It should also be noted that Mount Sinai is conducting its own phase two study of XEN-1101; that trial is slated to conclude in January . The primary endpoint of Mount Sinai's trial is different, as they are attempting to measure brain changes via functional magnetic resonance imaging. (SHAPS and MADRS changes are only secondary endpoints in their trial.) X-Nova's success would be a green flag for the outcome of Mount Sinai's trial too.
Valuation
There are three potential outcomes of X-NOVA on the horizon that translate into dramatically different valuations: X-NOVA fails, X-NOVA demonstrates a trend towards improvement with no statistical significance and X-NOVA succeeds by hitting its primary endpoint.
X-NOVA Fails | X-NOVA Shows Trend Towards Improvement | X-NOVA Succeeds | |
Peak MDD Sales | ~$0 | ~$0 | ~$100 Million |
Peak Epilepsy Sales | ~$1 billion | ~1.5 Billion | ~$2 billion |
Peak Sales | $1 billion | ~1.5 Billion | ~$2.1 Billion |
Current Shares Outstanding | 64,145,523 | 64,145,523 | 64,145,523 |
Shares Outstanding (Assuming 20% Dilution) | 73,374,628 | 73,374,628 | 73,374,628 |
Price To Sales Multiple | 2.5x | 2.5x | 2.5x |
Valued PPS | ~$34 | ~$51.10 | ~$71.55 |
Source: Xenon's 10-Q + Internal Calculations of Author
As of the time of writing, shares of Xenon are trading at ~$32. Even if you were to assume that X-NOVA completely fails (which is unlikely by itself) and that the outstanding share count increases by 20% to reflect potential dilution, I still believe that the common stock is still slightly undervalued.
My valuation methodology also uses a modest price-to-sales multiple of 2.5 (rather than the typical sector standard of ~5-6.) And, my most pessimistic forecast assumes that XEN-1101 will reach peak sales of just ~$1 billion. Other epilepsy drugs such as Vimpat - which posted nearly $2 billion in global peak sales - have exceeded the $1 billion mark with ease.
If X-NOVA has a positive readout in treating MDD, I believe that the sales potential of XEN-1101 can far exceed that of Vimpat and other treatment peers. Considering how significant a co-morbidity depression represents for those suffering from epilepsy, the potential value-add of an anti-depressive effect is enormous in any treatment option. So far, this potential seems to be severely underappreciated by most today.

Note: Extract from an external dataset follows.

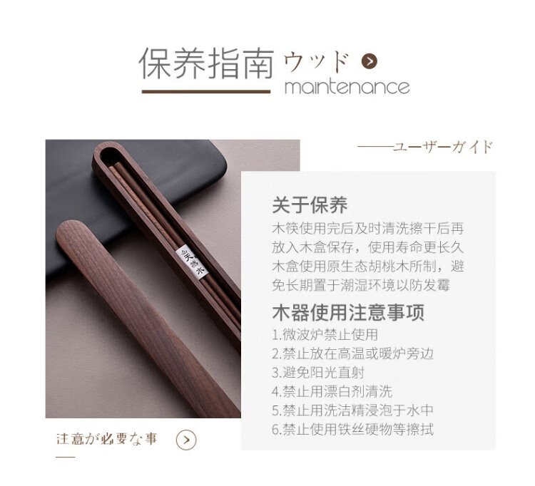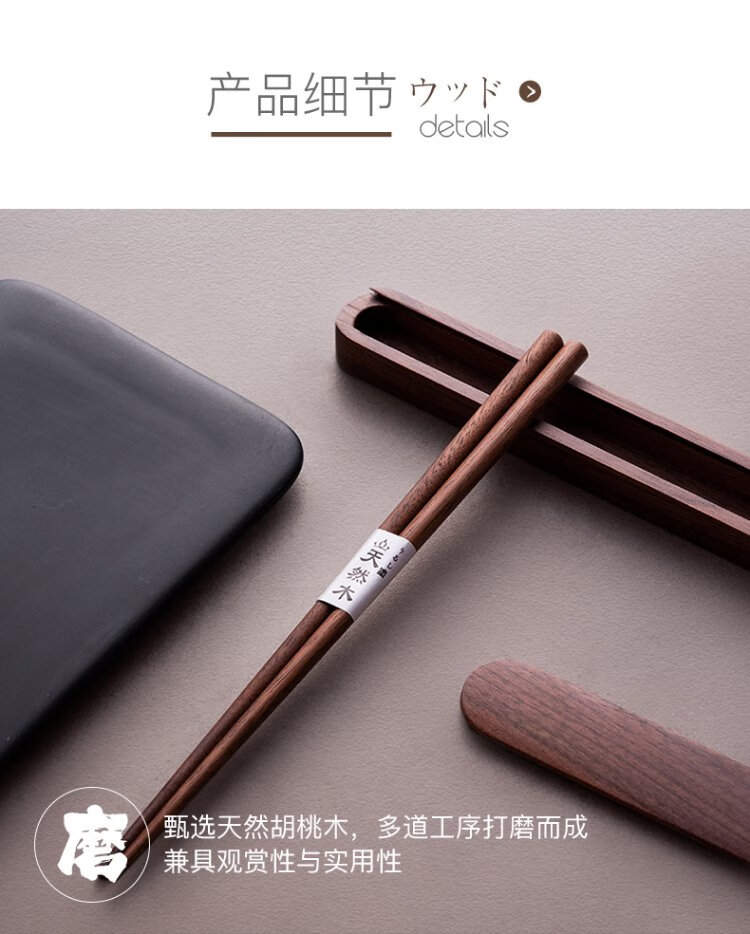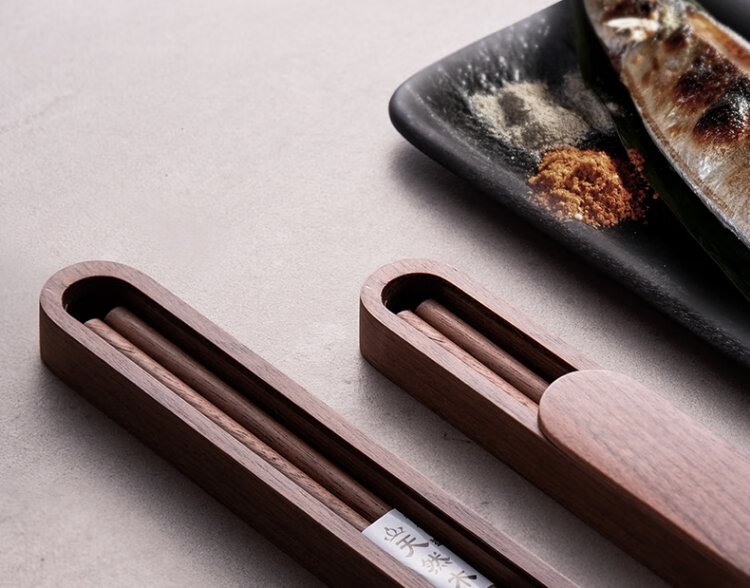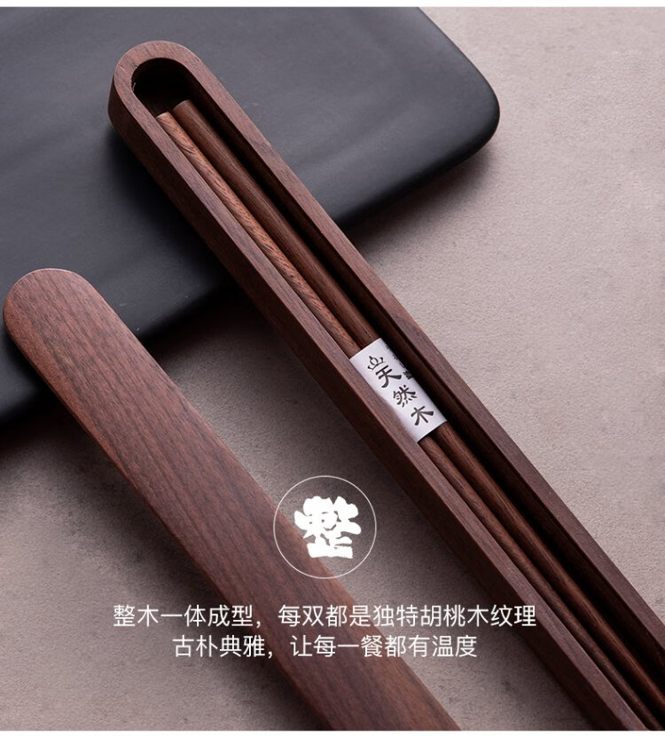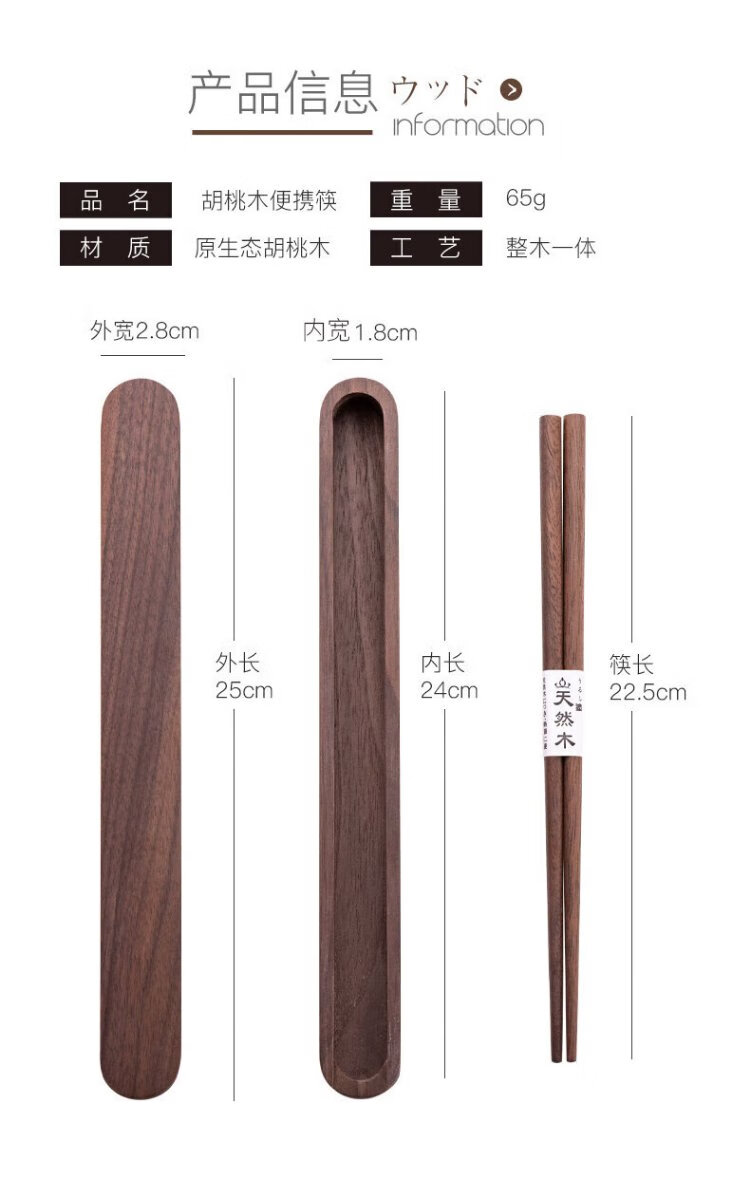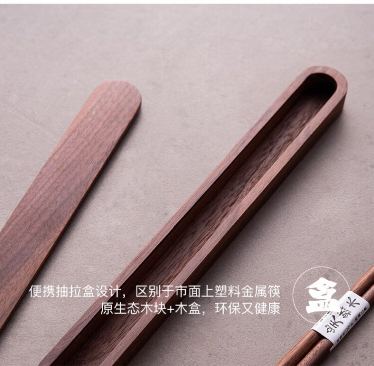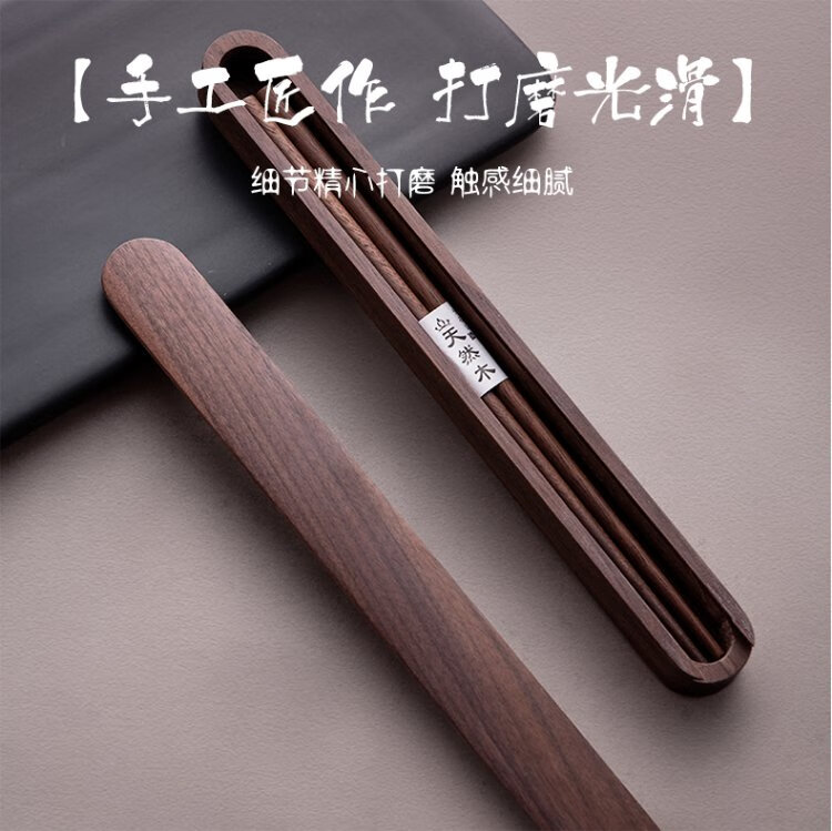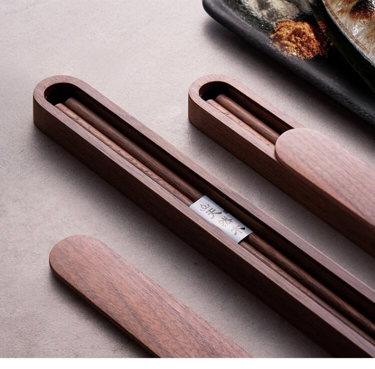 Durable walnut chopstick box portable tableware set Japanese environmentally friendly chopstick box single high-end student portable chopstick box walnut (1 chopstick + 1 box)

Analysts from Needham and Raymond James both forecast peak sales in the $1 billion ballpark, but I believe that XEN-1101 can go much farther. Now is the prime time to bet on Xenon if you have the same faith in XEN-1101 that I do. Conservatively assuming that X-NOVA yields a muddled outcome by showing a trend toward improvement, I would assign a buy rating with a price target of $51.
Risks To Thesis
The risk in the thesis is two-fold: X-NOVA or either of Xenon's phase three trials may fail. If X-NOVA completely misses and shows no efficacy, then the market reaction will be swift and certainly negative. Although Xenon would still be undervalued based off on potential epilepsy sales alone, it would still greatly damage the bullish thesis behind XEN-1101.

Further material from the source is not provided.